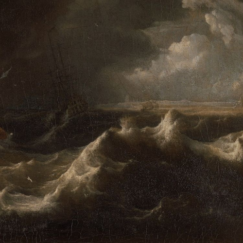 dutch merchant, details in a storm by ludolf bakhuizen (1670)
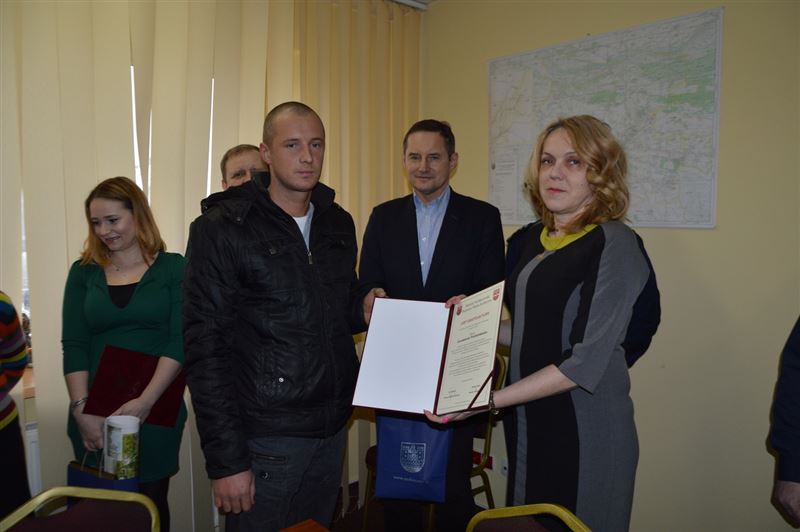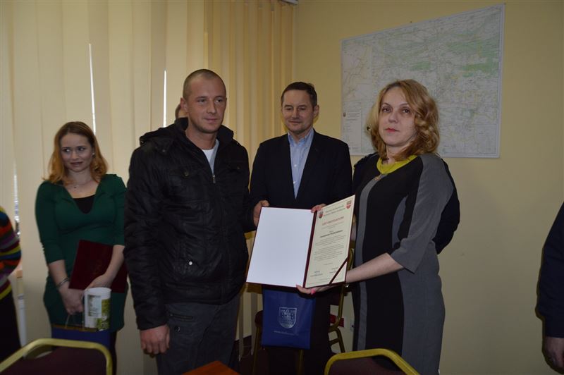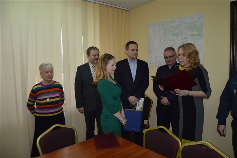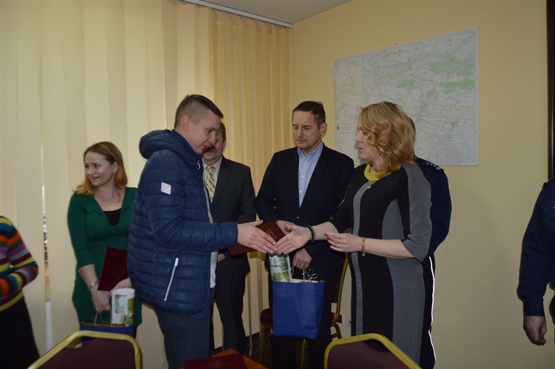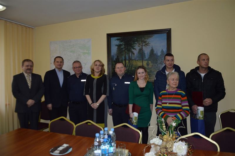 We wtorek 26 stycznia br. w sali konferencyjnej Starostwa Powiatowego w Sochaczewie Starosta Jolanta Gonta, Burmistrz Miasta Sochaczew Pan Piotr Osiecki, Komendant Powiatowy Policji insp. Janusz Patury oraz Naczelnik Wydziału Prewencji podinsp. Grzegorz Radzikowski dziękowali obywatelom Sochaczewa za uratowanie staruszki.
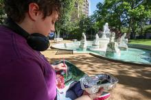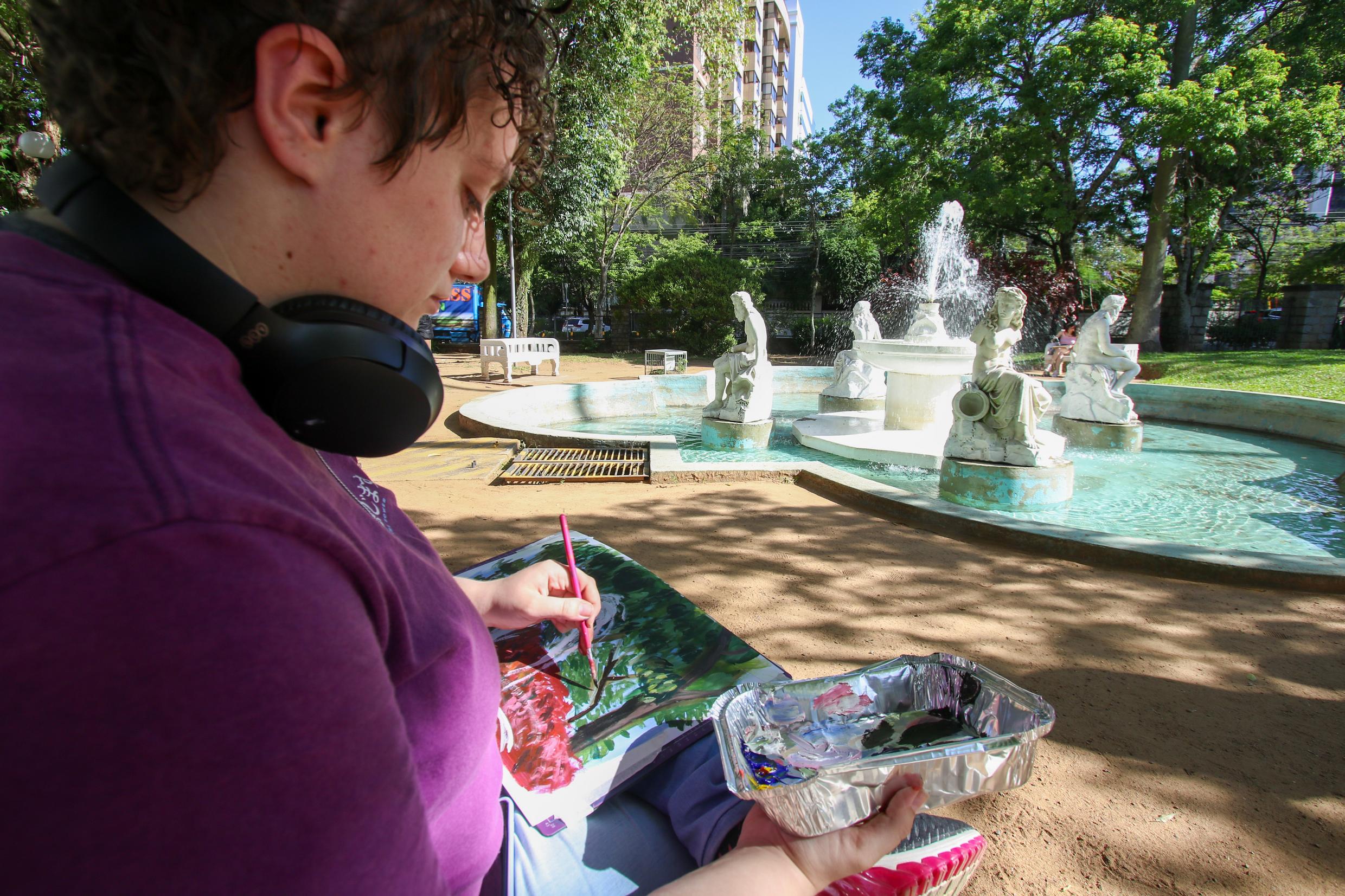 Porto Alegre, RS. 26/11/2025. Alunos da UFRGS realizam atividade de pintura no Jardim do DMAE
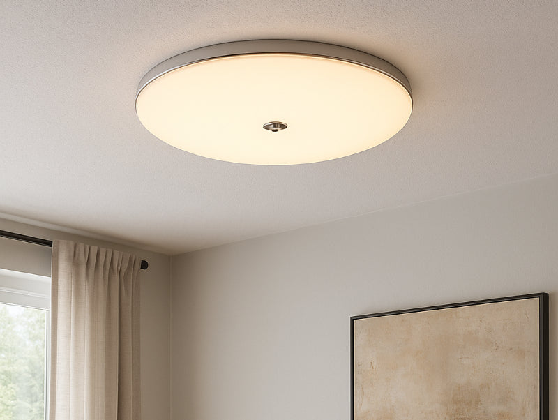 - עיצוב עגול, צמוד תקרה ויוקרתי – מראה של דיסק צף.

○ ○ ○

= WHAT YOU NEED TO DO =
Would you transcribe all of the data exactly, omitting any pictures?

= ANSWER BELOW =
 dutch merchant, details in a storm by ludolf bakhuizen (1670)
 We wtorek 26 stycznia br. w sali konferencyjnej Starostwa Powiatowego w Sochaczewie Starosta Jolanta Gonta, Burmistrz Miasta Sochaczew Pan Piotr Osiecki, Komendant Powiatowy Policji insp. Janusz Patury oraz Naczelnik Wydziału Prewencji podinsp. Grzegorz Radzikowski dziękowali obywatelom Sochaczewa za uratowanie staruszki.
 Porto Alegre, RS. 26/11/2025. Alunos da UFRGS realizam atividade de pintura no Jardim do DMAE
 - עיצוב עגול, צמוד תקרה ויוקרתי – מראה של דיסק צף.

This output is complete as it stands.